Post by Seacoaster(1) »

dislaxxic wrote: Tue Mar 26, 2024 8:44 am The Anti-Abortion Movement’s Biggest Fear
Just a few days ago, the Guttmacher Institute released a study showing that the number of abortions in 2023 topped 1 million, which is more than the last 10 years. The last time it was over a million was 2012, and a major reason why abortion access has increased, despite Dobbs, is because of two things: Abortion pills being more accessible and people being able to access abortion pills through telemedicine.

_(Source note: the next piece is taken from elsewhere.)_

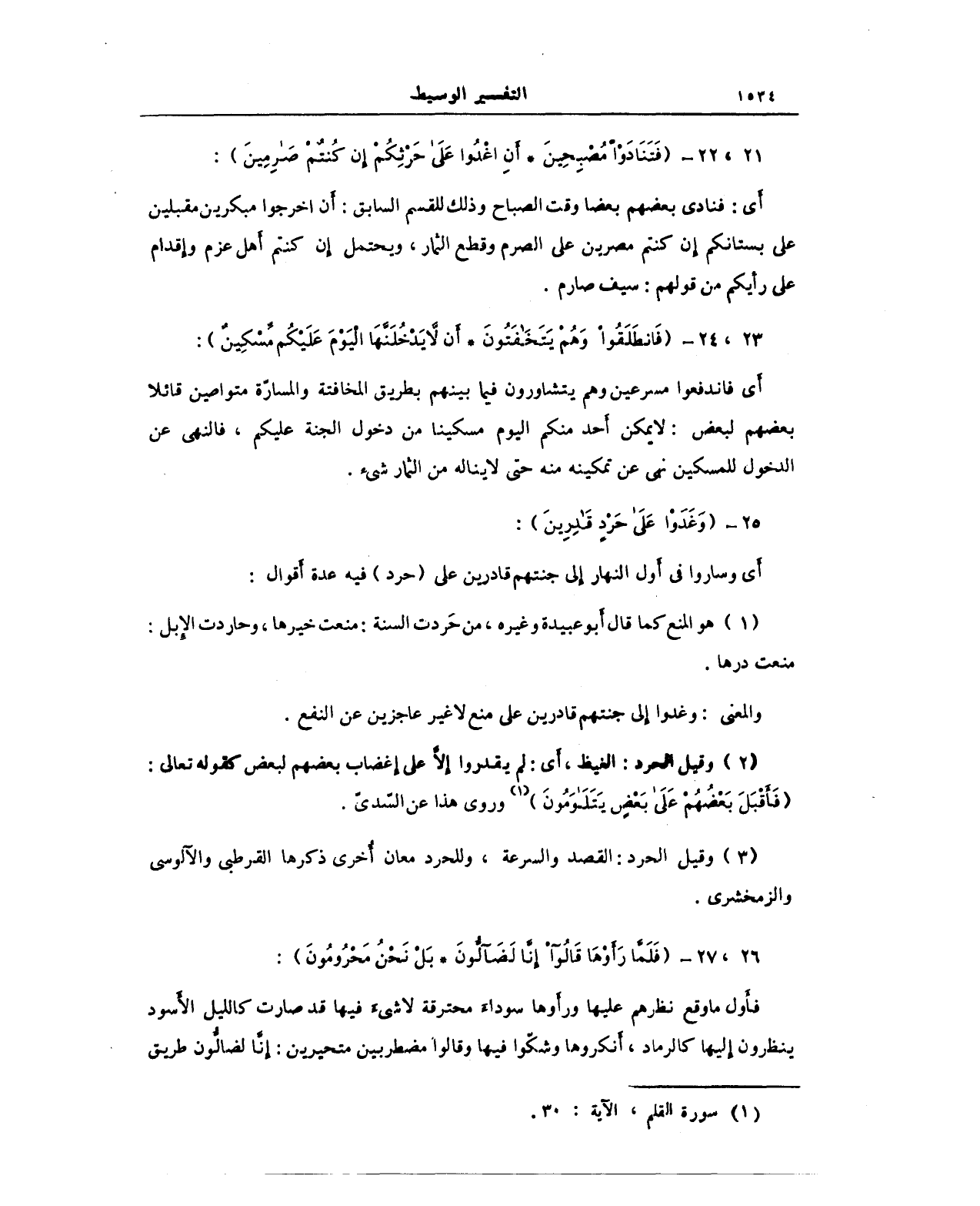 (3) وقيل الحرد: القصد والسرعة، وللحرد معان أُخرى ذكرها القرطبي والآلوسي والزمخشري.

That happened recently. It happened in 2020 and 2021 as a result of COVID, as everybody began to access health care through telemedicine. Advocates filed a lawsuit to force the FDA to allow people to get abortion pills through telemedicine. Historically, they had not been able to do that, and so people living in rural areas, people even living in states where there are abortion bans, now are able to access abortion pills through telemedicine from doctors in states that still allow abortion health care.

Abortion pills are really the present and the future of abortion, and that’s why they’re being targeted in this case. The anti-abortion movement is very aware that abortion pills are the crux to controlling women’s access to abortion, and so they’re going after it.
..
Josh Hawley's spouse and the "Alliance Defending Freedom" is spearheading this effort to effectively overturn the regulatory processes used for generations by the FDA. Of course, the Fifth Circuit agreed.
Seacoaster(1)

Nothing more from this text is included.